WHAT YOU NEED TO DO:
From the line containing "その際に開発した壁面大型展示ケースの大型ガラスの開閉方法をインテリアに転用" to the end of the data, retype every line exactly and nothing else. Drop the pictures.
*** Opening MATERIAL PROVIDED ***
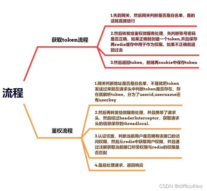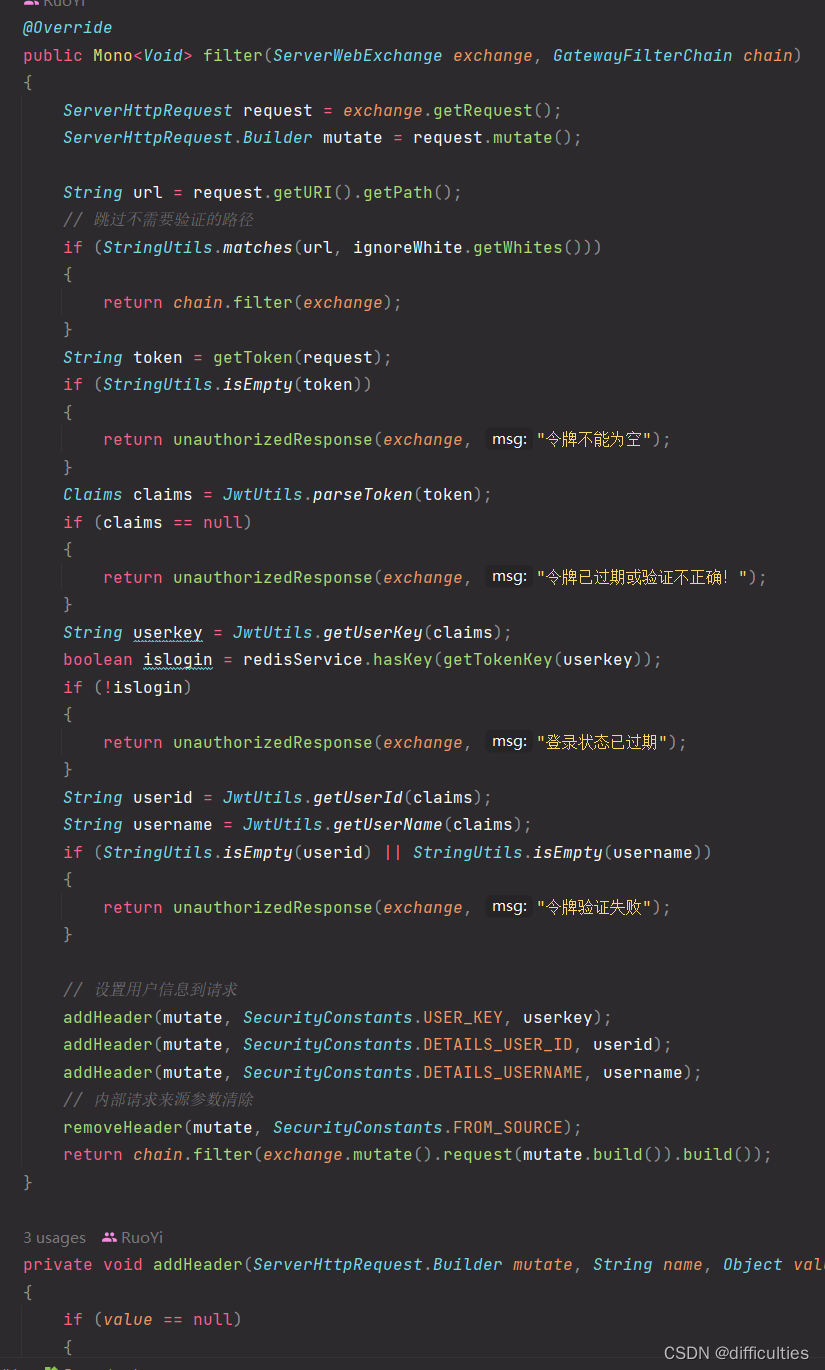 然后经过一个过滤的方法,方法使用mono,就是单体的,就是应用于观察者模式的一种编程设计。通过下面的图就是看出通过request来得到路径,然后判断是不是网关的白名单,如果是就直接放行,如果不是就判断token是不是为空,如果为空就不放行,徐娅用户惊醒权限验证。如果有token就用jwt进行解析,当解析出的token是空的话经表示令牌已经过期,然后将redis中的token数据拿出来进行判断是否为存在,不存在就说明令牌已经过期等原因。然后将userkey,useid,username添加到头去。
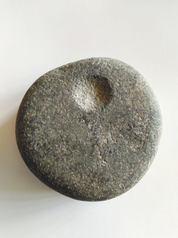 齊家文化的“盤狀石器”除“敲砸器”以外,還有一點比較特殊,其雙面分別琢制有日紋和月紋。目前所知,這類“盤狀石器”只在齊家文化遺存中出現,是齊家文化石器的特有器型,石質大多為礫石、河礫石。這種齊家文化特有的琢紋盤狀石器,學界尚未有統(tǒng)一命名,通常所見為:“圓形見手窩敲砸器”“刻符石”“刻符石器”。民間俗稱為:“練功石”“日月石”“星月石器”等。
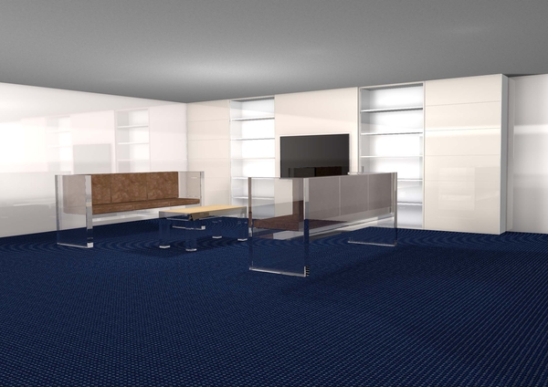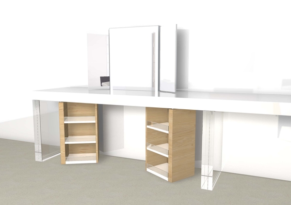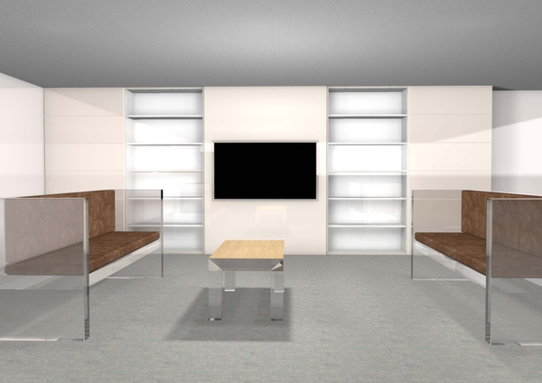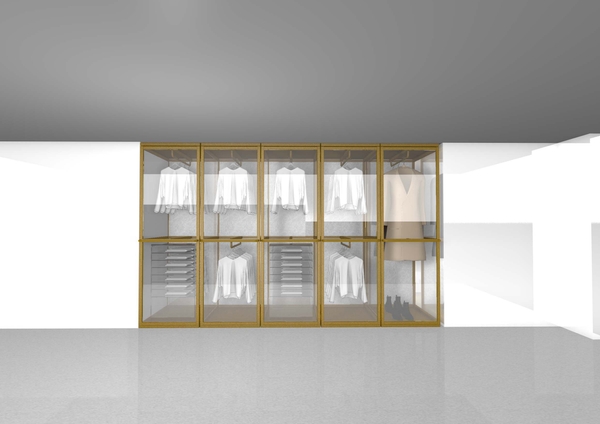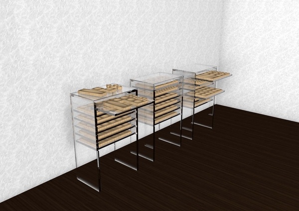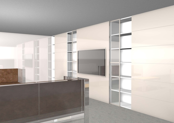 その際に開発した壁面大型展示ケースの大型ガラスの開閉方法をインテリアに転用
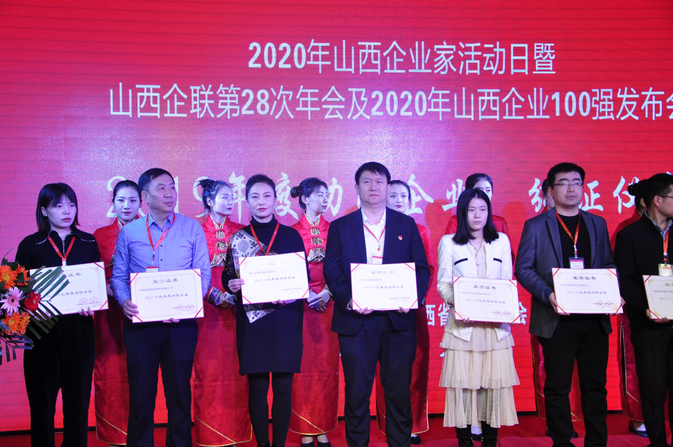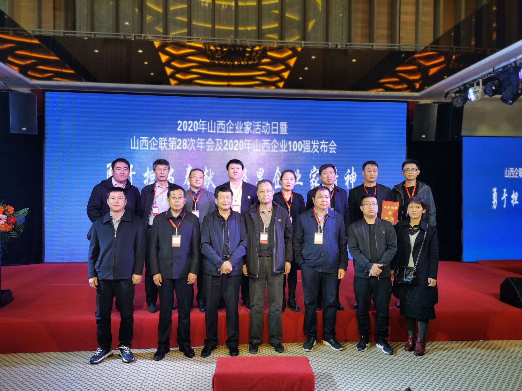 11月6日,以“勇于擔當奉獻、彰顯企業(yè)家精神、促進變革中的大企業(yè)發(fā)展 ”為主題的2020年山西企業(yè)家活動日暨山西企聯(lián)第28次年會及2020年山西企業(yè)100強發(fā)布會在太原舉行。山西大正保安服務(wù)有限公司榮膺“2020山西服務(wù)業(yè)企業(yè)100強”、“2019年度功勛企業(yè)”兩項榮譽稱號;公司黨委書記、董事長張躍生榮獲“2019年度功勛企業(yè)家”。公司黨委副書記、總經(jīng)理趙培宏,黨委副書記、副總經(jīng)理陳志平前往參會。趙培宏作為獲獎企業(yè)代表上臺領(lǐng)取“2019年度功勛企業(yè)”獎項。
*** Closing MATERIAL PROVIDED ***
FINISHED TASK:
 その際に開発した壁面大型展示ケースの大型ガラスの開閉方法をインテリアに転用
 11月6日,以“勇于擔當奉獻、彰顯企業(yè)家精神、促進變革中的大企業(yè)發(fā)展 ”為主題的2020年山西企業(yè)家活動日暨山西企聯(lián)第28次年會及2020年山西企業(yè)100強發(fā)布會在太原舉行。山西大正保安服務(wù)有限公司榮膺“2020山西服務(wù)業(yè)企業(yè)100強”、“2019年度功勛企業(yè)”兩項榮譽稱號;公司黨委書記、董事長張躍生榮獲“2019年度功勛企業(yè)家”。公司黨委副書記、總經(jīng)理趙培宏,黨委副書記、副總經(jīng)理陳志平前往參會。趙培宏作為獲獎企業(yè)代表上臺領(lǐng)取“2019年度功勛企業(yè)”獎項。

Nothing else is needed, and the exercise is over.